Preventing the Adverse
Health Effects
of Small Arms

Dr. Neil Arya
International Physicians for the Prevention of Nuclear War (IPPNW), Canada

Mr. Chairman, distinguished delegates, ladies and gentlemen, I am a family physician in Waterloo, Ontario, Canada, and President of Physicians for Global Survival, IPPNW-Canada.

For many reasons, this conference has not focused on the effects of small arms in developed nations that are not at war. But, from a public health perspective, the problem of small arms, including civilian or commercial firearms, extends to those nations of relative peace and prosperity. I will try to summarize the health impact of small arms in Canada and the United States in terms of scope, patterns, and costs.

The adverse health effects of small arms are well-known to emergency room physicians, trauma surgeons, psychiatrists, pediatricians and family doctors. A physician who must stem a bleed in the chest of a gunshot victim, is not concerned with whether the shooting was a suicide, accident or homicide, whether it took place in a conflict-situation or in peacetime, or whether the perpetrator was a gang member, a soldier, a non-state actor or a law-abiding gun owner. What matters to us is whether bullet struck bone, whether bone shattered, whether metal and bone splinters punctured vital organs, blood vessels, or severed the spinal cord - in short, whether the patient will survive and if so, what his or her future health will be.

Ultimately though, what matters to physicians is whether this ongoing tragedy can be prevented. Every year since 1972, over 30,000 people have died from gunshot in the United States, far higher than the US toll in the entire Vietnam war. This amounts to one million deaths since 1970. The world knows of massacres such as the one at Colombine High School, but few realise that in the US, guns are the leading cause of death in the 15-24 age category surpassing even traffic accidents, and in Canada the third leading cause of death in this age group.

Studies in several US cities have demonstrated that households with guns have rates of homicide and suicide that are 3-5 times those in similar households without firearms. In terms of total firearm deaths, the US rate is about three and a half times that of Canada and the number of firearms per capita in the US is 3.6 times. And the Canadian rate both for homicides and suicides is far higher than those in countries with stricter controls on access and fewer weapons. Consistent with this, studies in Canada have shown that percentage of households with firearms in each province correlates directly with the rate of firearm death. A study of more than 20 developed countries demonstrated that this correlation of % of households with firearms and firearm death rate was true across borders. And both in developed and developing countries, the vast majority of the weapons that kill or wound in crime begin as legal weapons and end up 'leaking' into situations in which they are misused in deadly ways.
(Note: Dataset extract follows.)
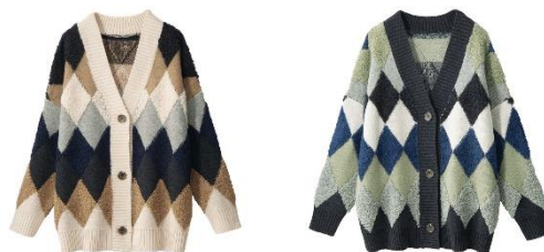
<アイボリー系、チャコール系>

特長：もこもことした編地とトレンドのアーガイル柄で価値観たっぶりのニットカーディガン。ゆったりめのシルエットで秋の軽めのアウターとしても活躍しそう。

There are data too on the huge financial costs imposed by small arms. The direct cost of deaths and injuries due to firearms in the US has been calculated as being $14,000 for each fatal gunshot and $38,000 for each injured person. The total impact goes much further than emergency medical care. It extends to police services, to lost productivity, to rehabilitation, to psychological support for victims and their families, to children growing up without parents, and to those relations and contacts who continue to live in fear. The total cost of firearm-related problems has been estimated as being $195 per person per year in Canada and $495 in the US. But as many victims and families will attest, this does not begin to take the measure the total damage of these arms.

These tolls -- human and financial -- are why major physicians organisations recognize gun injuries as a major public health problem. In the US, all large and highly respected medical organizations including the American Medical Association, the American Academy of Pediatrics, the American Academy of Child and Adolescent Psychiatry, the American College of Physicians, and Physicians for Social Responsibility have been strong advocates for stricter gun control.

Growing up in a small town in Ontario, I too, indirectly experienced the impact of small arms. In Grade 4, one classmate was killed accidentally by his brother in the barn; another grade school playmate was killed in hunting accident in his early twenties. For this reason too, I urge you -- both as a professional and as a private citizen -- to do what you can to reduce the toll of the global epidemic of death and injury from small arms.